I’ll tell you something about my sister Deb. When she was a teenager, she was evil. Evil incarnate.
One afternoon in high school, she dropped by the gym to collect Mary, Terri and Caroline, who had just finished a rigorous basketball practice. Sweaty, tired and famished, my three little sisters fell into the back seat of the car.
Suddenly, however, their heads shot up. On Deb’s lap was a carton of delectable chocolate-covered donuts. The three little girls glanced quickly at each other. You had to play it cool with Deb, they knew. Pretending nonchalance, they sat back in their seats to bide their time and wait Deb out.

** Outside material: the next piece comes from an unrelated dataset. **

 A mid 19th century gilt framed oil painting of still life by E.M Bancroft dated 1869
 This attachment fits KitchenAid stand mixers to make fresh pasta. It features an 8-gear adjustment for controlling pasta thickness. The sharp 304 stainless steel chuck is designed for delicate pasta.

As she pulled the car out of the school’s circle drive to head home, Deb popped a donut in her mouth. “Oh my lord,” she rolled her eyes in orgasmic pleasure. But Mary, Terri and Caroline remained indifferent to her ecstacy.
Deb stuffed another donut in her mouth. “SO fresh,” she murmured.

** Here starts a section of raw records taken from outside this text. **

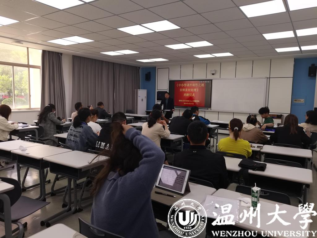 4月17日上午,beat365在线唯一官网在5A103举办浙江省中小学教师专业发展集中培训班——中小学课件制作之视音频素材处理第一期培训班开班仪式。学院副院长黄辉、培训事业部负责人张长胜、主讲教师周艳出席了此次开班仪式。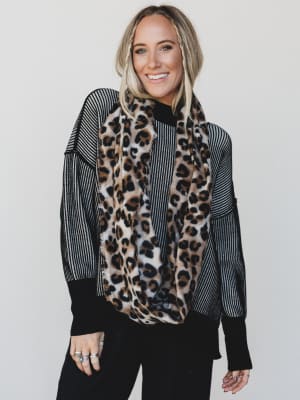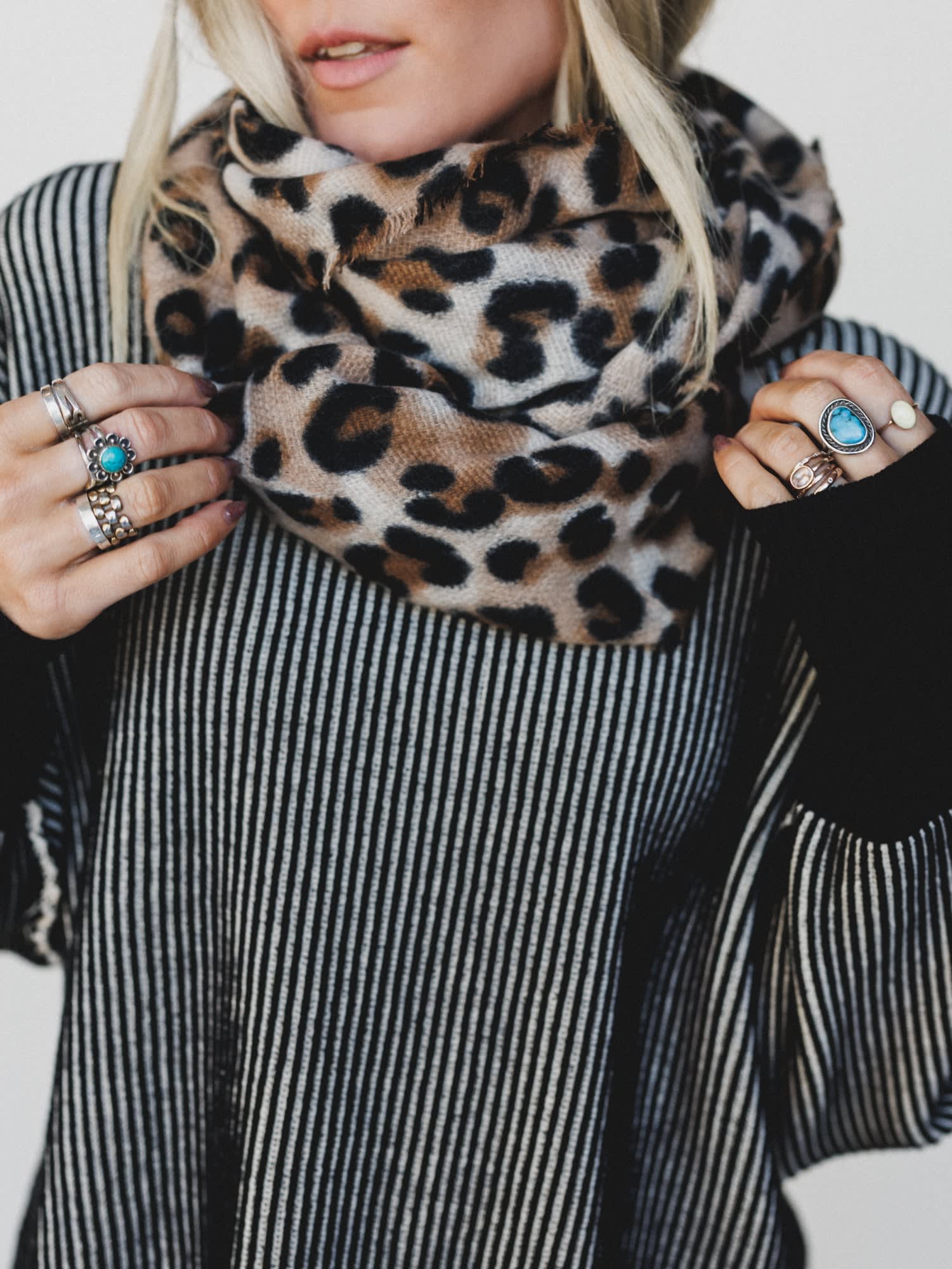 Wrap yourself in wild elegance with the Raja Leopard Print Infinity Scarf—a cozy statement that turns every outfit into a fierce favorite. Whether you're layering it over a neutral sweater or adding it to a bold all-black look, this scarf brings serious style with zero effort.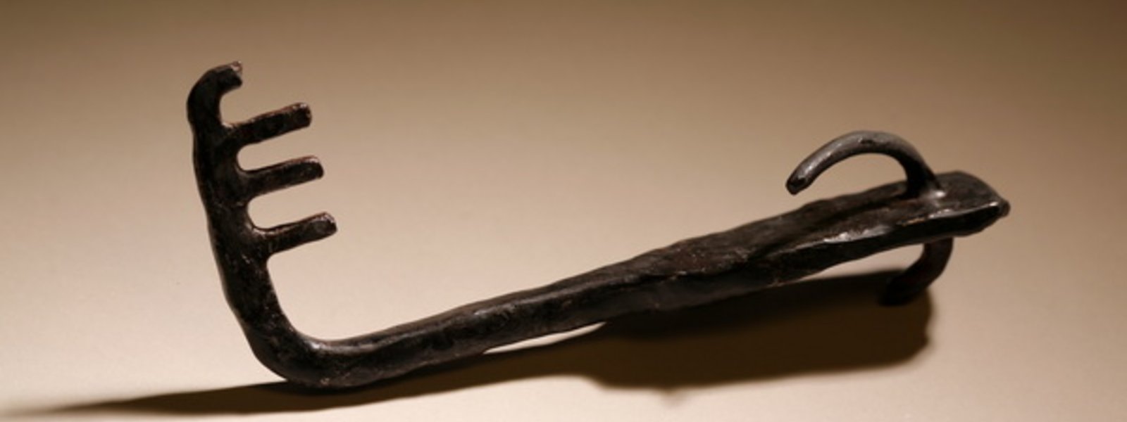 Cette clé retrouvée à Roissy date de la fin de l’époque gallo-romaine et servait probablement à l’ouverture ou la fermeture d’une porte. Vous pouvez la retrouver en photographie devant l’entrée du musée. Cette photographie est l’œuvre de l’artiste français Jean-Luc Moulène. Il a choisi cette clé comme symbole depuis le parvis du musée afin d’inciter les passants à y entrer.
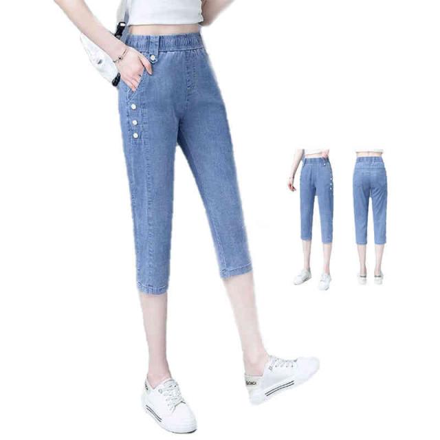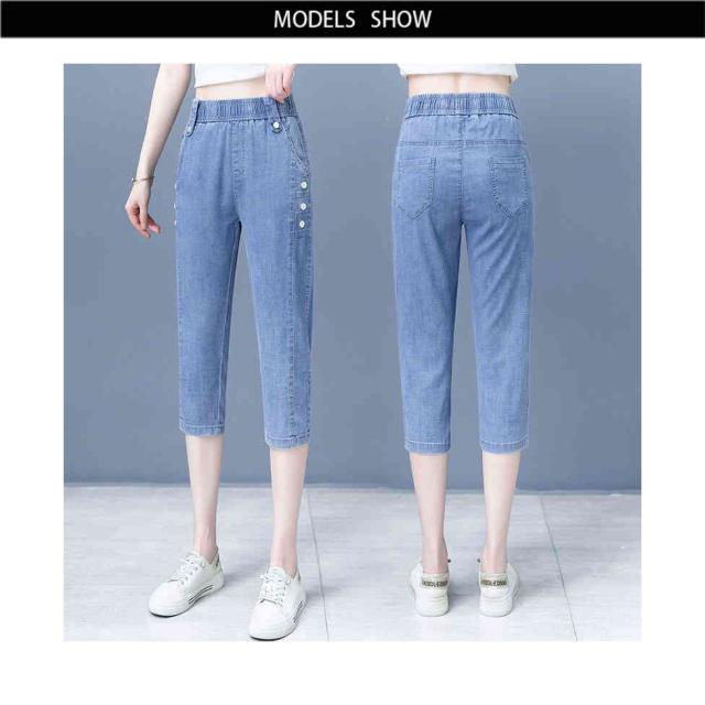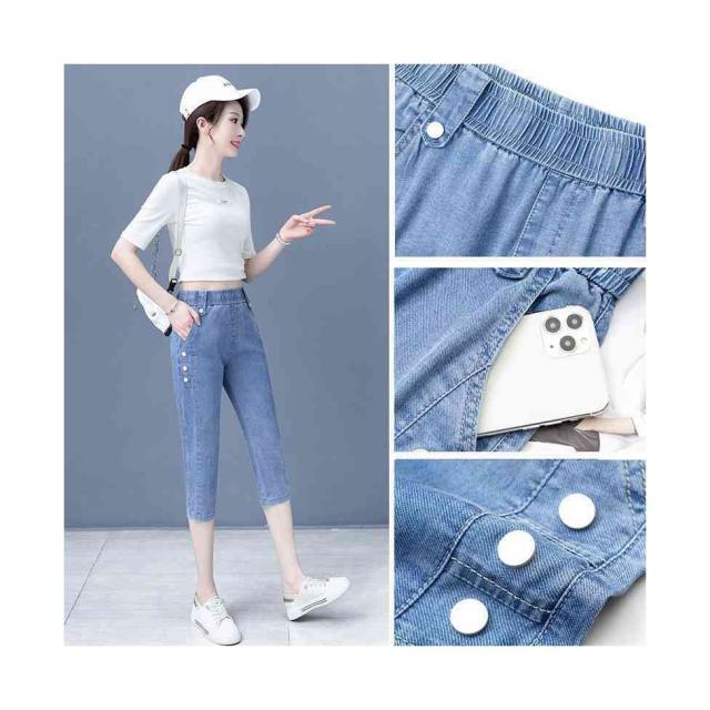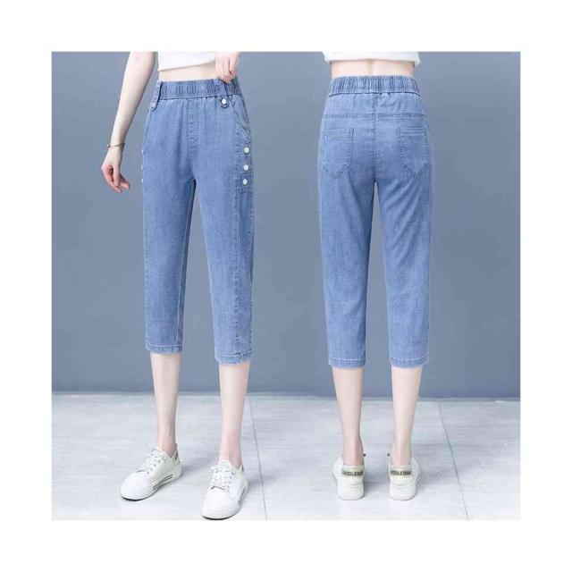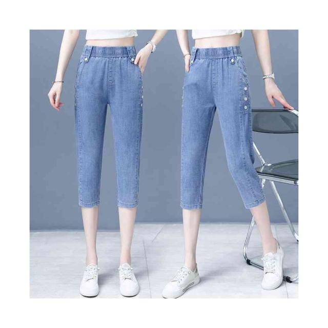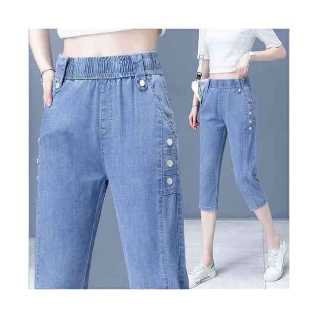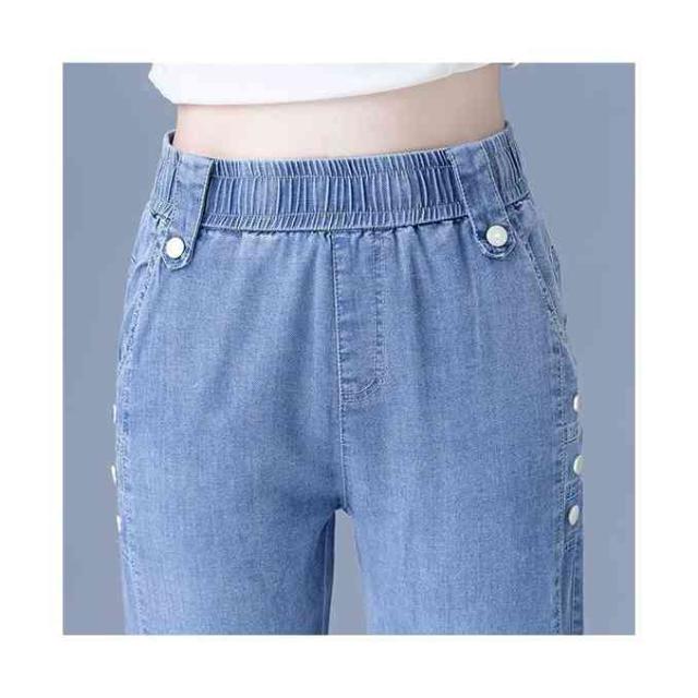 デニムパンツ レディース パンツ 7分丈 春夏 デニム ストレートパンツ カジュアルパンツ ハイウエスト 大人 ジーンズ ジーパン 着痩せ ウエストゴム 薄手 ストレート デニム ボトムス カジュアル 送料無料 無地 シンプル

Finally, Terri asked timidly, “Will you be eating all the donuts?” She was careful to keep any hint of sarcasm out of her voice.
“Yes,” Deb said shortly, her mouth full of donut. “All of them.”
Instantly, Terri was filled with rage. “You know what?” she spat out. But Mary and Caroline shot her a warning look.
“What?” Deb’s chocolate smeared mouth smiled innocently at her in the rear view mirror.
With difficulty, Terri regained her composure. “I’m not really hungry anyway,” she shrugged.
After demolishing the fourth donut, however, Deb appeared to have reached her limit. The three little girls watched intently as she brushed off her fingers and neatly closed the carton of donuts.
Hope was alive.
Deb sighed with satisfaction, picked up the carton with the remaining eight donuts, and casually tossed it all out the car window.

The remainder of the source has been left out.